Tollerare un certo grado di indefinitezza nella conoscenza degli altri potrebbe infatti essere difficile e talvolta ansiogeno, e così le “etichette” e gli stereotipi ci vengono in aiuto fornendoci categorie di significato già consolidate che suppliscono alle informazioni di cui non disponiamo.
Supponiamo di conoscere da poco tempo una persona e di avere poche informazioni su di lei; inquadrarla come ironica, o saccente, o genuina, ci permette di farla rientrare in una categoria a noi già nota di persone simili per la stessa caratteristica, orientandoci nell’interazione.
In altre parole, questo offre il vantaggio momentaneo di darci la sensazione di avere una certa “presa” sulla realtà e un certo controllo delle situazioni sociali.

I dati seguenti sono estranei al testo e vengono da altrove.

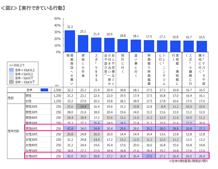【呈示したアクティビティに対し、現在どの程度実行できているか】を聞く質問では、全体で「商業施設への買い物」32.2%、「家族との外食」25.1%、「スポーツをする」21.4%、 「友人や同僚などとの付き合い(飲み会や遊びなど)」20.9%が主なもの。年代別にみると男女ともに不安感の高い60代が他年代より行動しているという結果であった。 年齢が若いほど実行している行動は少ない。 <図2>実施した行動について、エリア別の差はなかった。60代は「自分は高齢者」と思っている人が少なく、自粛要請のない平日の日中の行動が可能な点から、他層より行動が多いのではないかと推察される。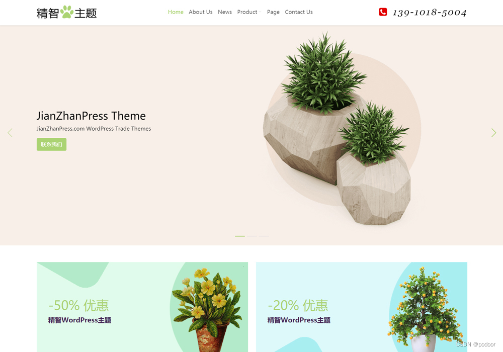 十分简的绿色绿植花卉wordpress外贸主题,适合做花卉生意的老板建网站使用。

Ma qual è il prezzo da pagare?
Etichette come gabbie
Quando descriviamo una persona spesso utilizziamo etichette che ci ricordano altre persone che noi riconosciamo simili per qualche aspetto: socievole, furbo, egoista, creativo, loquace ecc, sono esempi di etichette che usiamo per definire gli altri e anche noi stessi.
In che modo tali etichette possono rivelarsi gabbie per noi stessi e gli altri?
In primo luogo, occorre considerare che sebbene queste etichette denotino un significato lessicale comune e condiviso all’interno della stessa lingua, tuttavia esse assumono di fatto un significato del tutto soggettivo a seconda dell’esperienza personale di chi le usa: tali categorie si sono infatti formate nella nostra mente in base alle esperienze che ciascuno di noi ha avuto con le persone che abbiamo riconosciuto all’interno della stessa etichetta.
Ad esempio, l’etichetta di “buono” può assumere molteplici significati diversi: per alcuni potrebbe indicare una persona amorevole, per altri una debole e sottomessa, per altri ancora una pressoché santa, per altri una ingenua forse anche un po’ stupida, per altri ancora una semplice, e così via.
Perciò quando una nuova persona ci viene presentata da un amico come una persona buona, dovremmo cercare prima di capire cosa intenda il nostro amico con “buona” prima di appiccicare questa etichetta alla persona in questione.
E soprattutto, non dovremmo mai dimenticare che qualsiasi etichetta usata non ci informa su chi è la persona a cui è attribuita l’etichetta, ma informa su chi la sta usando, perché denota il modo in cui quest’ultima si rappresenta quello che vede: se io descrivo Maria come accogliente, non significa che Maria “sia” effettivamente accogliente, o che lo sia in tutte le situazioni, e che tutti la vedano in questo modo; piuttosto indica che io attribuisco ad alcuni comportamenti di Maria l’etichetta di accogliente, in base ai miei significati personali.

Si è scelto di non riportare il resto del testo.